Content starts

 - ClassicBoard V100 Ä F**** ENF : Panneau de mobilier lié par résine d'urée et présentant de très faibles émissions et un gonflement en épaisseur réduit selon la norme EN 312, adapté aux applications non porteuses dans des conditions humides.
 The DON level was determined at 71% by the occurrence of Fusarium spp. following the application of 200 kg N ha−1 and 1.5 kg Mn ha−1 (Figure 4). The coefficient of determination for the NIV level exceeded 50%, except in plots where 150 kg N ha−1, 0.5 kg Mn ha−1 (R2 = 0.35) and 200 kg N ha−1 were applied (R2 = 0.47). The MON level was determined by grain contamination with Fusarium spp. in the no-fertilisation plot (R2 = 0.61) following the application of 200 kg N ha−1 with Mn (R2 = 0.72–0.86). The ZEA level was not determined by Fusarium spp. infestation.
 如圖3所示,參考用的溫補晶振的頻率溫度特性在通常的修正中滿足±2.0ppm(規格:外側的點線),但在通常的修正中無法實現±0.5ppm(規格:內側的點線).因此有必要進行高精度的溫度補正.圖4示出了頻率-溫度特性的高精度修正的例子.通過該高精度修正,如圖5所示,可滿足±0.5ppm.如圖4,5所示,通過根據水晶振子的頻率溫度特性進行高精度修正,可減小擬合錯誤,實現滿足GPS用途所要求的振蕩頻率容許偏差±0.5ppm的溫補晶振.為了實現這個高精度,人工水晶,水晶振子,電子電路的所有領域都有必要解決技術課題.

Content ends
Content starts

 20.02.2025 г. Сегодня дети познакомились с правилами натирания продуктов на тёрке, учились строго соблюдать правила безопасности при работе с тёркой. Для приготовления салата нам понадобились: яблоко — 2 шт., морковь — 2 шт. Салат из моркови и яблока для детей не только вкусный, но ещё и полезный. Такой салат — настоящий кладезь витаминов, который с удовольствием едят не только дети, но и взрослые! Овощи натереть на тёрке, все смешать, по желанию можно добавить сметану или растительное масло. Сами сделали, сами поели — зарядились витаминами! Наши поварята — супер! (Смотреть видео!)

Content ends
Content starts

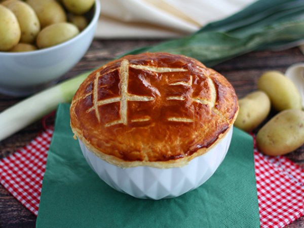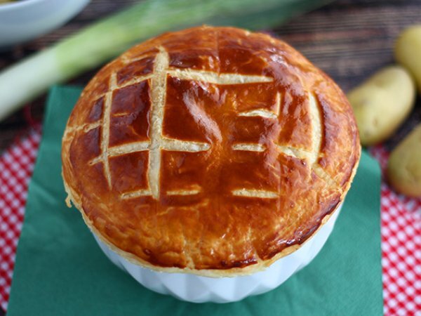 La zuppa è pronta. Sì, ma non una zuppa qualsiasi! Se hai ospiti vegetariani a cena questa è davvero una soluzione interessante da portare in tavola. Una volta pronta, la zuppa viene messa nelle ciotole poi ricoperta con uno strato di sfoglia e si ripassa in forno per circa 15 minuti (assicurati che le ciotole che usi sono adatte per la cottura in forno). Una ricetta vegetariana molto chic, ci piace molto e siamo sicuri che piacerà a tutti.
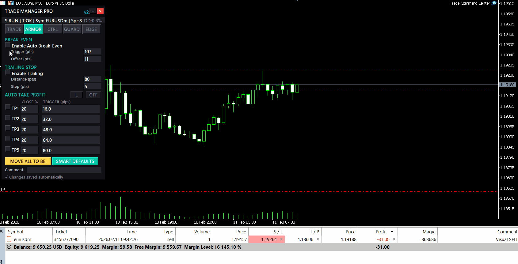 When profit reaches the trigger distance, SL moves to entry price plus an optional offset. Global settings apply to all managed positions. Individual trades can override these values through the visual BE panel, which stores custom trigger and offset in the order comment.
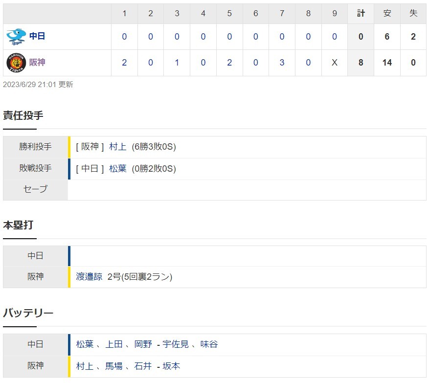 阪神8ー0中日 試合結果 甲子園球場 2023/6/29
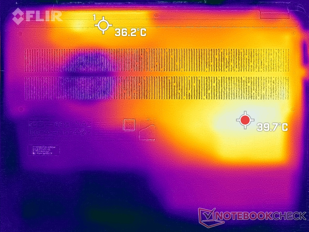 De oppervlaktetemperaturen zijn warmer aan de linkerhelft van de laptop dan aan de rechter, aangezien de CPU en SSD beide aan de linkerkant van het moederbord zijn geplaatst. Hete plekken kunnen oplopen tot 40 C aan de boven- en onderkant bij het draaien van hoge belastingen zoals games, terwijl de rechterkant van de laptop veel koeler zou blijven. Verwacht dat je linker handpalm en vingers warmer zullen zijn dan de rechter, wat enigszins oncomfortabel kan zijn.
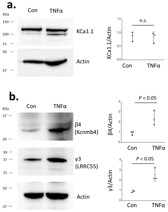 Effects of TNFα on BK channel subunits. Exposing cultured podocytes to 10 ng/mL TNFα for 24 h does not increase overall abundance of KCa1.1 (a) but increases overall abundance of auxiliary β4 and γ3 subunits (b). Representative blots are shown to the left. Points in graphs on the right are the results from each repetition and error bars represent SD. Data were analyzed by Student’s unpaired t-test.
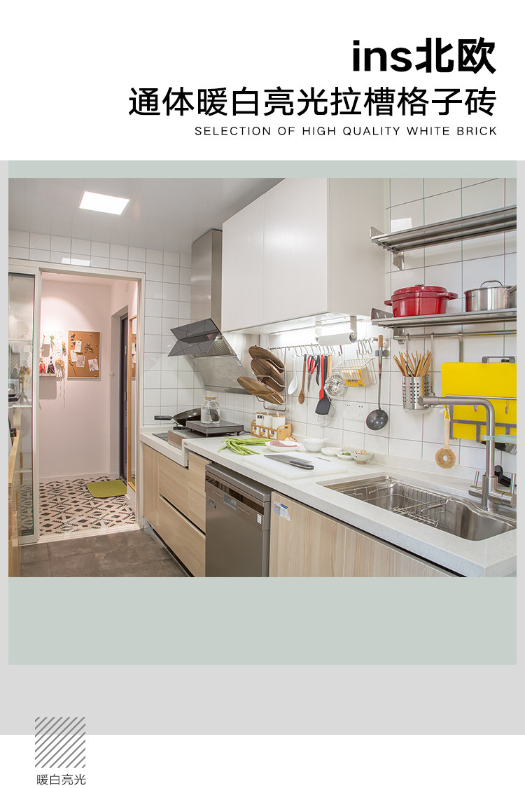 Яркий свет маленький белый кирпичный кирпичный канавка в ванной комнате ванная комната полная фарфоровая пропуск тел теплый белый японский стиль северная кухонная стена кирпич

Content ends

Your copy should hold the lines from the one with "When profit reaches" up to and including the one with "De oppervlaktetemperaturen zijn", exactly as in the data above, and no pictures.

Output:
 When profit reaches the trigger distance, SL moves to entry price plus an optional offset. Global settings apply to all managed positions. Individual trades can override these values through the visual BE panel, which stores custom trigger and offset in the order comment.
 阪神8ー0中日 試合結果 甲子園球場 2023/6/29
 De oppervlaktetemperaturen zijn warmer aan de linkerhelft van de laptop dan aan de rechter, aangezien de CPU en SSD beide aan de linkerkant van het moederbord zijn geplaatst. Hete plekken kunnen oplopen tot 40 C aan de boven- en onderkant bij het draaien van hoge belastingen zoals games, terwijl de rechterkant van de laptop veel koeler zou blijven. Verwacht dat je linker handpalm en vingers warmer zullen zijn dan de rechter, wat enigszins oncomfortabel kan zijn.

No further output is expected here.